The magic roared to full strength. Contrary to his musings of a moment ago, Avery felt the binding nature of the oath fall on him stronger than he’d ever felt it before. The magic of the oath settled into place, a gleaming ring formed around his right wrist and Brandon’s. Then the magic settled in place and the ring faded from view.

“There you have it,” the stranger said. “The strongest promise we can offer.”

Stu watched the proceedings in open mouthed wonder. Once the oath was done he snapped to attention. “Okay. Then I wanna do the magic.”

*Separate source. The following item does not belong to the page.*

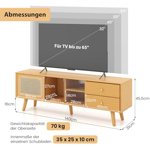 【Zusätzlicher Stauraum & Verstellbares Regal】Der TV-Ständer verfügt über 2 Staufächer und 2 Schubladen. Und die Staufächer verfügen über glatte Schiebetüren aus Glas und PE-Rattan. Besonders hervorzuheben ist, dass das die Fächer des Schrankes in 3 Stufen verstellt werden.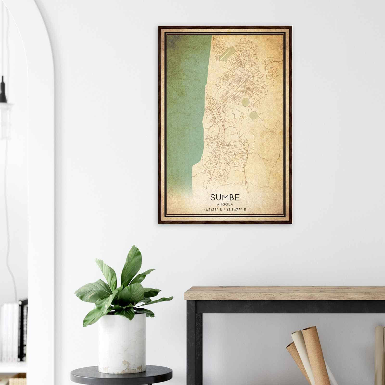 Transform your home decor with this stunning Vintage Sumbe Map Poster. This high-quality paper print features a detailed street map of Sumbe, making it a perfect addition to your modern home decor collection. Whether you’re born in Sumbe or a visitor to the city, this map poster is a great way to explore the city.

Avery had to shake off his own moment of nostalgia after experiencing that familiar ritual for the first time in ages. He nudged the candles into position and said, “Then look here. Let yourself relax and think about a recent memory. What was it like when you came home tonight? Think about that.”

The sheriff let his eyes go unfocused and sharpened his attention to the candle. He felt the boy’s memories radiating towards him on the waves of heat from the flame. Confusion and surprise at his parents teary delight when he walked in the door. Then, earlier, meeting a pretty lady singing on the street. Earlier still, the Riker girl taking him to meet a strange man.

Tall, dressed in a tunic that looked like it came from two hundred years prior and wearing a richly embroidered red cloak. He had a salt and pepper beard and flinty cold eyes. In his right hand was a staff with a gold banded crystal at the top. The staff was clad in a strange, silvery metal. Based on the description on the wanted poster, Avery guessed this was Heinrich von Nighburg.

Avery felt a pang of confusion. He moved forward in Stu’s memories and returned to the moment the boy met the songstress. Then Avery worked backwards with greater care. Yet no matter how careful he was he found the same fragments of memory and nothing else. It was like the whole time he’d been missing Stu Strathmore had been asleep and formed no memories at all.